Kai took a breath. He had to be smarter.

The race settled into a rhythm. Ferrari's strategy was clear: use Vettel and Kai to pressure Hamilton, who was isolated without Bottas. But the start had complicated things. Vettel had attacked Kai, nearly taking them both out, proving that teammate or not, a driver's first rival is the guy in the same colored car.

Kai adjusted his driving style. The Ferrari setup had been tweaked to sacrifice some entry precision for better tire wear, allowing him to push longer. He needed to nurse the supersofts while keeping Hamilton in sight.

Lap after lap, the gap stabilized. Hamilton led by about two seconds. Kai was two seconds ahead of Vettel.

Then, chaos.

Sergey Sirotkin's Williams ground to a halt at a dangerous spot on the circuit. Double waved yellow flags.

Opportunity.

Kai lifted immediately, adhering to the delta time, but his eyes were locked on the Mercedes ahead. The pack compressed. If this turned into a Safety Car, the race would reset. But almost as quickly as the flags came out, the track was cleared. Green flag.

"Patience" Greenwood radioed. "Protect the tires."

Kai was already back in the rhythm. He didn't panic when the opportunity vanished.

Behind them, Max Verstappen was losing his mind. The Dutchman had dropped positions at the start and was stuck behind the Haas duo of Magnussen and Grosjean. He was faster, but the Haas was wide, and the dirty air was destroying his tires.

On Lap 10, Verstappen snapped. He threw the Red Bull down the inside of Magnussen at Turn 3. He was too fast, too angry. The car understeered wildly, washing out over the curbs and onto the grass. The Red Bull spun 360 degrees. Verstappen caught it with supernatural car control, keeping the engine running and rejoining, but the damage was done. He had fallen to eighth.

The tire phase was shifting. The supersofts were entering the graining phase. The grip was falling away.

Hamilton sensed the moment. He needed to build a pit window, a gap of about twenty-three seconds, to pit and rejoin in clear air, preferably ahead of the midfield traffic.

"Hammer time," the call came from the Mercedes pit wall.

Hamilton dropped the hammer.

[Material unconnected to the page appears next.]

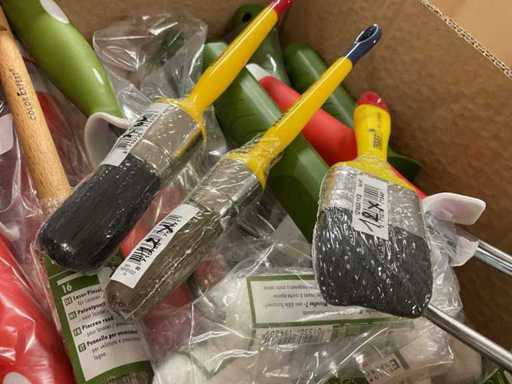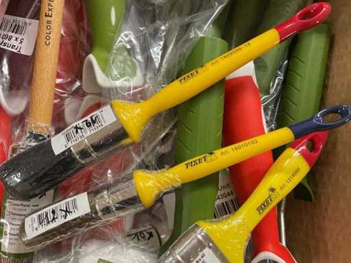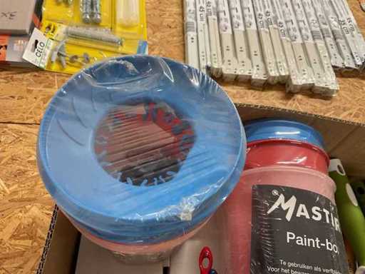 Eimer füllen; Quasten; patentierter Spitzbürsten; Farbrolle mit Halterung

He switched engine modes and began to push, setting purple sectors.

Kai saw the lap times on his dash. "Requesting push mode."

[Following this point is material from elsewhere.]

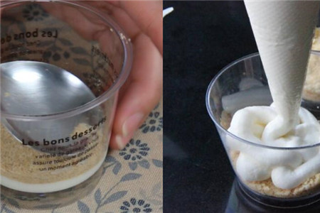 取一个塑料杯子(木糠杯专用模具),先在底部铺上一层消化饼干屑。用裱花袋挤上一层奶油,挤的时候由外向内画圈。

"Approved. Plan A. Keep the pressure on."

The chase was on.

"Hamilton sets a new fastest lap," Croft commentated. "But look at the Ferrari! Kai goes purple in Sector 1!"

"He's not letting him go," Brundle said, his voice rising. "Hamilton is trying to break the tow to open that pit window, but Kai is matching him tenth for tenth. This is impressive pace management."

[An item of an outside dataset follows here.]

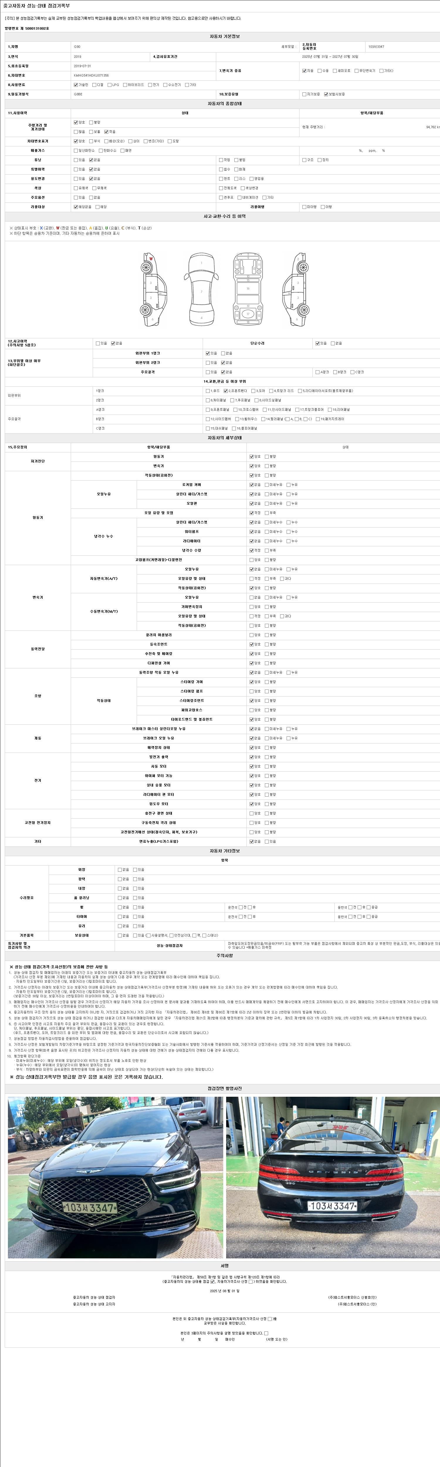 2. 차량 등록증이나 성능점검지 등을 상담자에게 요청및 확인하시고 사전에 미리 점검 하시기를 권유드립니다.

"Sector 2, purple for Kai!"

The timing screens lit up. It was a heavyweight slugfest. Hamilton pushed, Kai responded. The gap hovered at two seconds, refusing to grow.

Then, a new name flashed at the top of the timing tower.

"Vettel goes purple in Sector 1!"

The German had arrived. The three-way battle for the Australian Grand Prix was officially on.